Usted está aquí: martes 24 de abril de 2007 Opinión Yeltsin

Pedro Miguel

Yeltsin

La imagen era más que una alegoría: se le recuerda trepado en un tanque con el edificio del Parlamento como telón de fondo, mientras leía una proclama contra el intento de golpe de Estado que protagonizaron algunos cuadros del viejo régimen soviético en agosto de 1991. Boris Yeltsin era ya presidente de la Federación Rusa, pero el objetivo principal de la intentona era la presidencia soviética, ejercida por ese entonces por Mijail Gorbachov. A los golpistas les salió el tiro por la culata. En vez de quitar del poder al impulsor de la perestroika, el episodio hizo posible que Yeltsin concentrara en Moscú el poder real que quedaba en el menguante imperio y que cuatro meses más tarde acordara su liquidación con los caciques de las otras 15 repúblicas soviéticas.

Se decía demócrata, pero en 1993, cuando el Congreso se mostró reacio a acatar sus órdenes, no tuvo reparos para ordenar el bombardeo criminal del mismo edificio que había servido de escenografía para su hazaña de dos años antes. Más de 150 personas -entre ellas, muchos parlamentarios opositores- murieron en el ataque y la democracia se quedó, desde entonces y hasta la fecha, como rehén del Kremlin.

Yeltsin no perdió el tiempo. En cuestión de meses, la desregulación salvaje, la desarticulación de las viejas instituciones de bienestar y el reparto de las propiedades estatales entre capitales privados que actuaron en condiciones de pillaje generaron en toda Rusia una catástrofe social de magnitudes no vistas desde la Segunda Guerra Mundial.
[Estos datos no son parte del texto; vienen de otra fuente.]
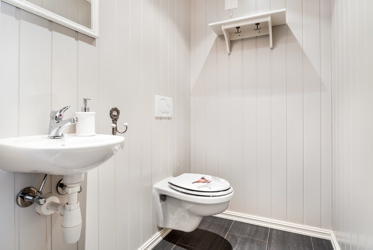 Vegger og tak består i hovedsak av malte panelplater i duse farger (MDF panel vedlikeholdsfri) fliser og
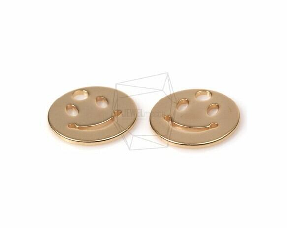 PDT-932-MG/2pcs/Round smile Pendant/15mm x 15mm/Matte Gold Plated Over Brass
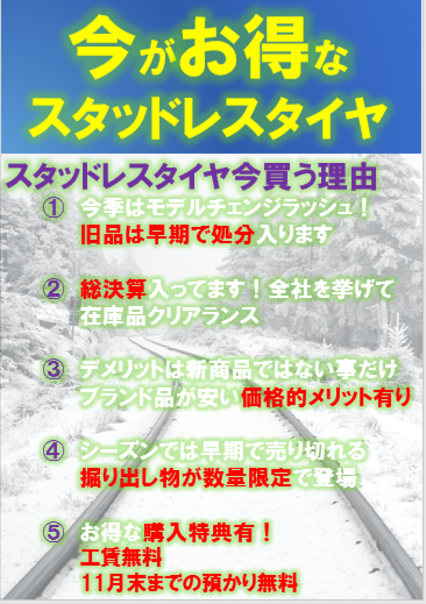 今回は、上記の二種類をご紹介致しましたが、ミシュランやグッドイヤーそしてピレリ等の他の一流メーカーの旧年製スタッドレスも御座いますので、今年スタッドレスのご購入をお考えのお客様、是非とも一度当店に足を運んでみて下さい!!
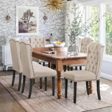 Redefine your dining space with this set of two beautifully upholstered dining chairs, designed to bring both classic sophistication and modern comfort to any room. Featuring a timeless tufted design, solid rubberwood legs, and elegant bronze-finished nailhead trims, these chairs are as stylish as they are durable. Whether you’re setting the table for a formal dinner or enjoying a cozy family meal, these chairs instantly add charm and character to your kitchen or dining room.
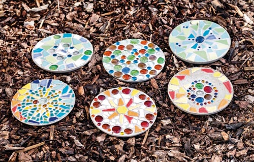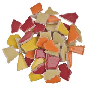 20 - 55 mm, kb. 7 mm vastag, glazúrozott kerámia, különböző szín és forma, kötetlen válogatás, kb.20 x 30 cm felületre elegendő
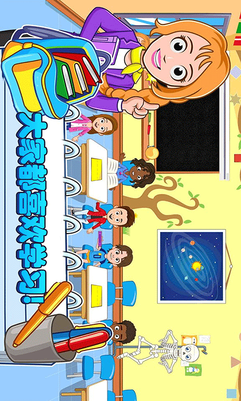 让您的孩子来我的小镇迷你校园中学习音乐,在这里可以学习音符和弹奏乐器,用钢琴和吉他演奏一些曲子或在架子鼓上制造一些噪音!在科学实验室里成为一个疯狂的科学家,不要错过前往学校操场的时间,那里的教练会教各种运动,比如网球、棒球、篮球甚至羽毛球!

Las ciudades se poblaron de mendigos, de desempleados, de gente sin casa, de jubilados famélicos y de héroes de guerra que cambiaban sus medallas por raciones de comida. El gobierno "democrático" heredó del despotismo zarista y del estalinismo el desprecio absoluto por las necesidades elementales de la población.

La guerra económica contra las mayorías rusas se vio acompañada por la guerra simple contra los chechenos, luego de que éstos hicieron con respecto a Rusia lo mismo que había hecho Rusia con respecto a la extinta URSS: declarar su independencia. Después de una campaña contrainsurgente como todas (es decir, con ejecuciones extrajudiciales, torturas y desapariciones, asesinatos en masa), en el verano de 1995 las tropas de Moscú cercaron Grozny y la aviación y la artillería lanzaron centenares de toneladas de explosivos sobre la ciudad sitiada. Se calcula que unos 25 mil civiles murieron en esos días en los que se repitió, en escala menor, el genocidio realizado por Stalin contra los pueblos caucásicos tras la derrota de Alemania. Pese a todo, Yeltsin no consiguió doblegar a los independentistas y hubo de declarar un alto al fuego y aceptar el inicio de conversaciones de paz. Habían caído cerca 73 mil chechenos y unos 5 mil 500 efectivos rusos.

Si una virtud ostentaba el difunto era la de conocer los remordimientos. Los tuvo por haber vulnerado el desarrollo democrático y confesó haber sentido vergüenza por el bombardeo del recinto parlamentario. Adimitió que no podía quitarse de encima "la responsabilidad por el dolor de tantas madres y padres" que perdieron a sus hijos en la guerra contra Chechenia. Esa característica lo honra y lo diferencia de los matones occidentales (Bush, Blair, Aznar) que andan por ahí, muy quitados de la pena y con una sonrisa de oreja a oreja mientras en Irak ocurre, por culpa de ellos, una de las peores masacres de la historia. Sería bueno que los aspirantes a gobernar un país fueran obligados a pasar por pruebas que investigaran su capacidad de sentirse culpables y de ponerse en el lugar de los demás.